Hi all!

I am currently considering an assembling problem. Given is a dense matrix A and a sparse matrix B and the goal is to efficiently compute the matrix H = B^\top (A \otimes A) B. If one expresses the matrix B as B = (\mathrm{vec}(B_1), \dots, \mathrm{vec}(B_n)) with square matrices B_j and where \mathrm{vec}(\cdot) denotes the vectorization of a matrix, then one finds that the (i,j) th entry of H is given by \mathrm{trace}(AB_j A B_i). Matrices of this (and similar) structure appear in interior point methods for solving linear semi-definite programs.

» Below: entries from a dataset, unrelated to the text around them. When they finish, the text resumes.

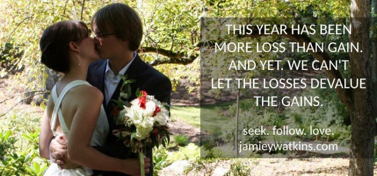 My fear is we sometimes let the darkness overshadow all the good. Because there has been a lot of good despite the hardship of this past year. This year has been more grief than celebration, more loss than gain. And yet. We can’t let the losses devalue the gains. We promised eleven years ago to choose to love each other every day. There have been days where this was a harder promise to keep than others, but I think we’ve still managed it. And we’ll keep at it by remembering how very much we have despite how very much we’ve lost.
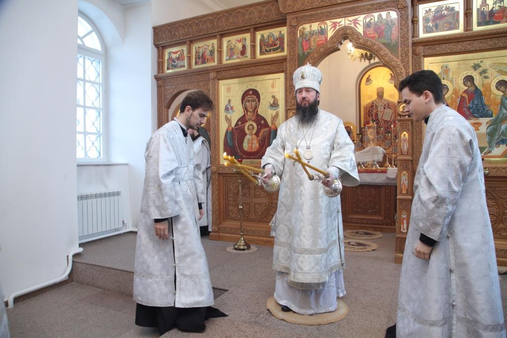 Управляющий Усть-Каменогорской и Семипалатинско епархией Преосвященнейший епископ Амфилохий возглавил служение Божественной Литургии святителя Василия Великого в Свято-Троицком монастырском соборе города Усть-Каменогорска. Архипастырю сослужили: духовник епархии архимандрит Спиридон (Теплухин), ключарь Свято-Андреевского кафедрального собора иеромонах Никодим (Авдеев), заведующий епархиальной канцелярией иерей Константин Дьяков; протодиакон Андрей Дудник, иеродиакон Мефодий (Шевчук), диакон Алексий Горбунов.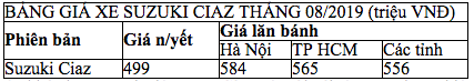Mẫu sedan hạng B của Suzuki chính thức được giới thiệu đến thị trường Việt nam vào cuối năm 2016. Xe sử dụng động cơ 1.4 lít, hộp số tự động 4 cấp, kích thước xe Dài x Rộng x Cao : 4.490 x 1.730 x 1.475 mm, chiều dài cơ sở 2650mm tức là nhỉnh hơn Toyota Vios một chút. Đánh giá khách quan Suzuki Ciaz thì ngoại hình ngoại hình khá bắt mắt, ưu điểm cải tiến về nội thất ghế da, camera lùi, hộp tỳ tay xe vận hành ổn và ưu điểm lớn là giá hợp lý cho chiếc xe nhập full option theo xe.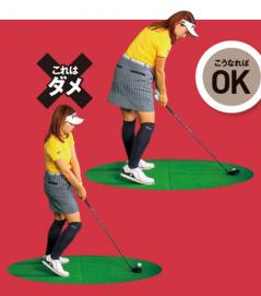 手でクラブを上げ下ろしするとダウンで手首が解けて体が起き、体が伸びて打ち込めない。正しく打てれば前傾キープでインパクトできている。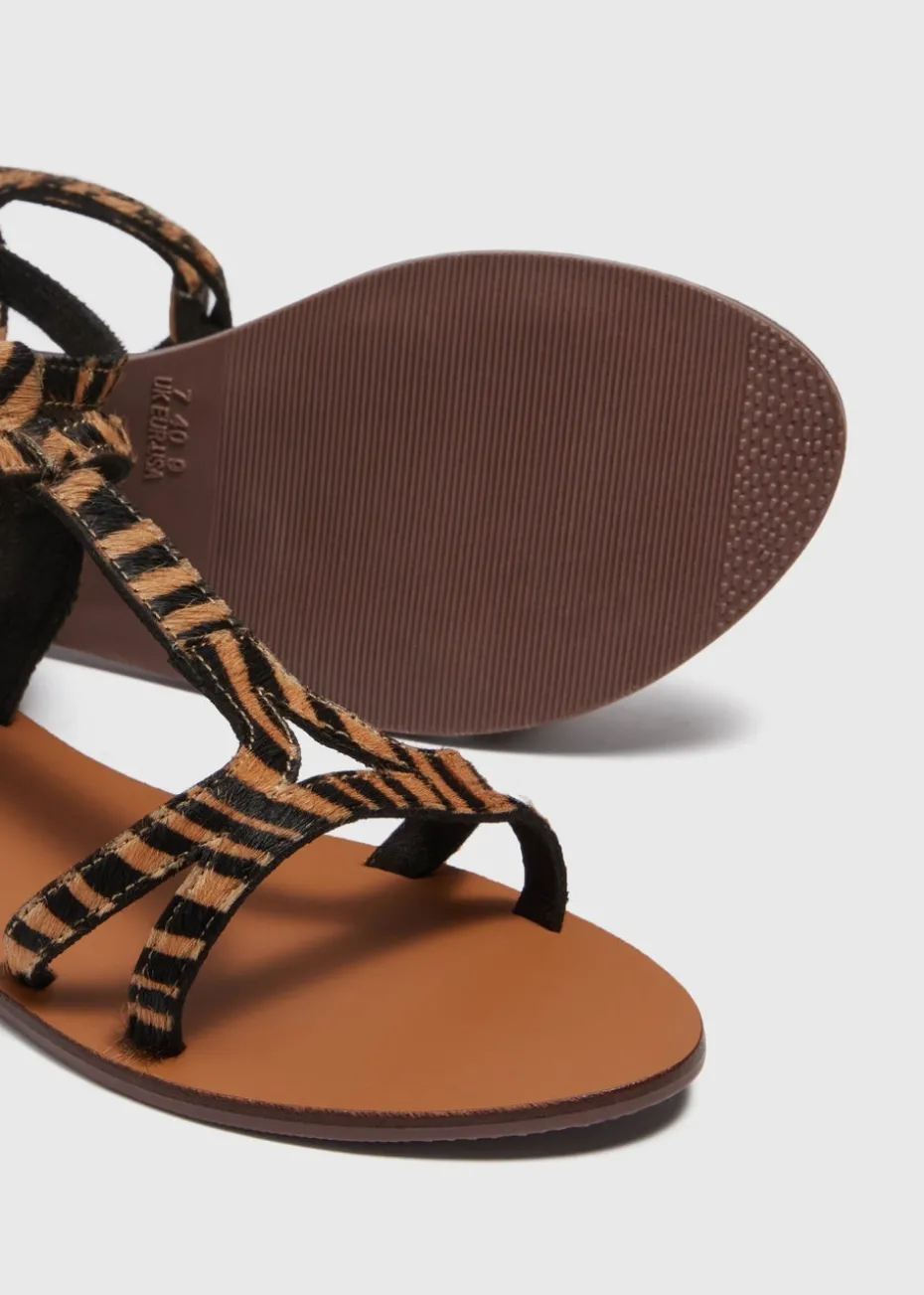 These Animal Print Sandals feature a unique animal print design, with cut-out detailing and a lace-up front and buckle fastening that ensures a secure and adjustable fit. The leather is soft and supple, providing both comfort and durability, while the rubber sole offers excellent grip and stability. Pair with a flowy maxi dress and a wide-brimmed hat for a bohemian summer look or dress up your denim shorts and a tank top with these sandals for a casual-chic ensemble.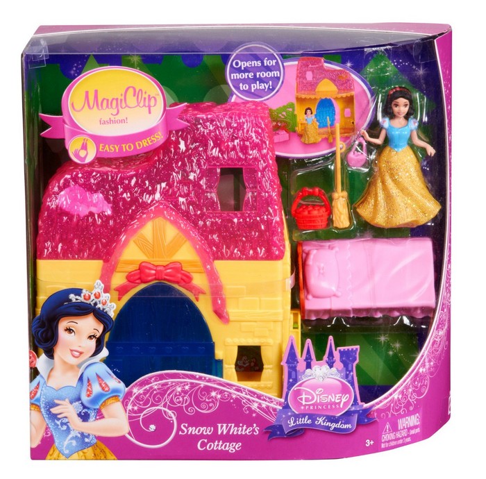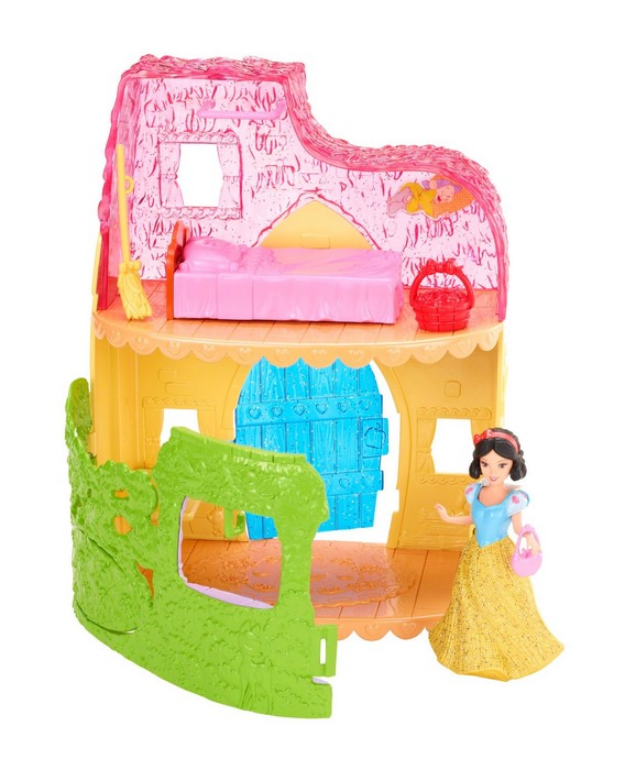 Dwustronny zestaw do zabawy pozwoli dziewczynkom odtwarzać niezapomniane historie z ulubionych bajek. W zestawach dziewczynki znajdą pałac Kopciuszka, wieżę Rospzunki albo chatkę Królewny Śnieżki. W każdym zestawie jest jedna lalka oraz akcesoria, które pomogą odtworzyć w zabawie bajkowy świat.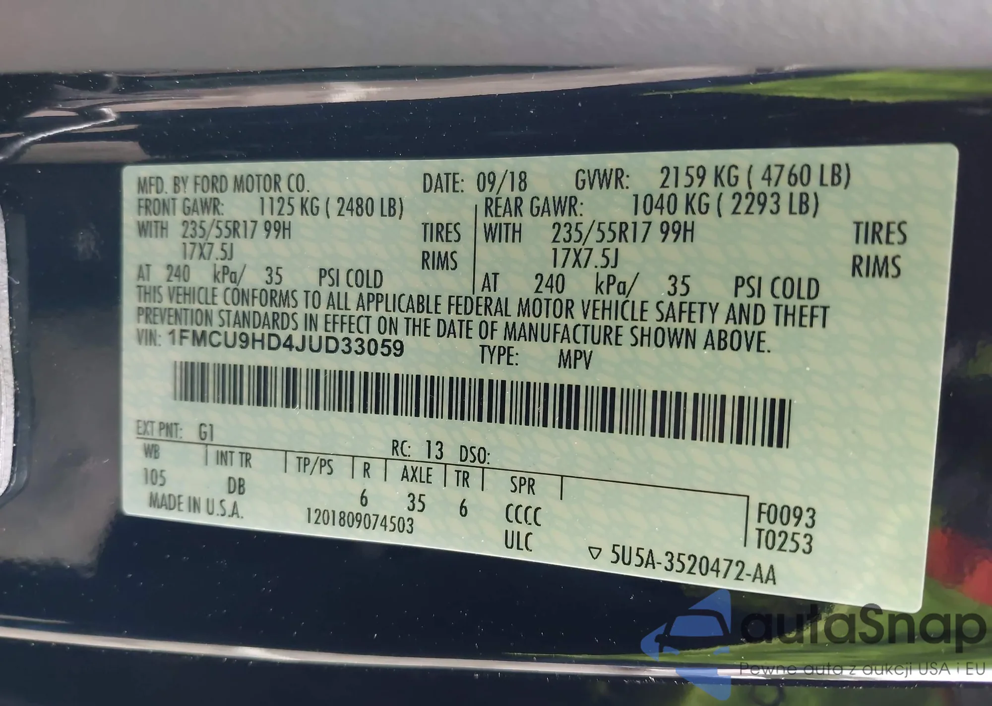 • VIN 1FMCU9HD4JUD33059

I have the following Matlab code with which I am quite happy as it is reasonably fast and clean:

```
n = 30;
A = ones(n, n);
B = sprand(n^2, n^2/2, 0.1);
tic
AssemblePartHess(A, B);
toc
function C = AssembleHessian(A, B)
% Number of rows of the matrix A
nA = size(A, 1);
% Build the matrix [A*B1, ..., A*Bn] which is dense in general.
C = reshape(B, nA, []);
C = A * C;
% Generate a 3D array in which C(:, :, j) = A*Bj.
C = reshape(C, nA, nA, []);
% Multiply each of these slices by A from the right.
C = pagemtimes(C, A);
% This reshape results in the matrix [vec(A*B1*A), ..., vec(A*B2*A)]
C = reshape(C, nA^2, []);
% Last multiplication results in desired matrix and is not too
% expensive as B is sparse.
C = B' * C;
end
```

I tried to achieve the same or better in Julia, but so far this didn’t work out as I am not that familiar with it. Here is what I currently have:

```
using LinearAlgebra
using SparseArrays
using BenchmarkTools
n = 30;
A = ones(n, n);
B = sprand(n^2, Int(n^2/2), 0.1);
function fun(A::Matrix{Float64}, B::SparseMatrixCSC{Float64, Int64})
nA = size(A, 1)
C = SparseMatrixCSC(reshape(B, nA, :))
C = A * C
for i in axes(B, 2)
C[:,1+ (i-1)*nA: i*nA] = view(C, :, 1+ (i-1)*nA: i*nA)* A
end
C = reshape(C, nA^2, :)
C = B' * C
return C
end
@btime fun($A, $B);
```

For me this result in

```
29.840 ms (478 allocations: 9.48 MiB)
```

which is, unfortunately, about 3 times slower than the Matlab function.

My output of `versioninfo()`

is

```
Julia Version 1.9.1
Commit 147bdf428c (2023-06-07 08:27 UTC)
Platform Info:
OS: Windows (x86_64-w64-mingw32)
CPU: 8 × Intel(R) Core(TM) i5-8265U CPU @ 1.60GHz
WORD_SIZE: 64
LIBM: libopenlibm
LLVM: libLLVM-14.0.6 (ORCJIT, skylake)
Threads: 8 on 8 virtual cores
Environment:
JULIA_EDITOR = code
```

Any suggestions are welcome. Thanks!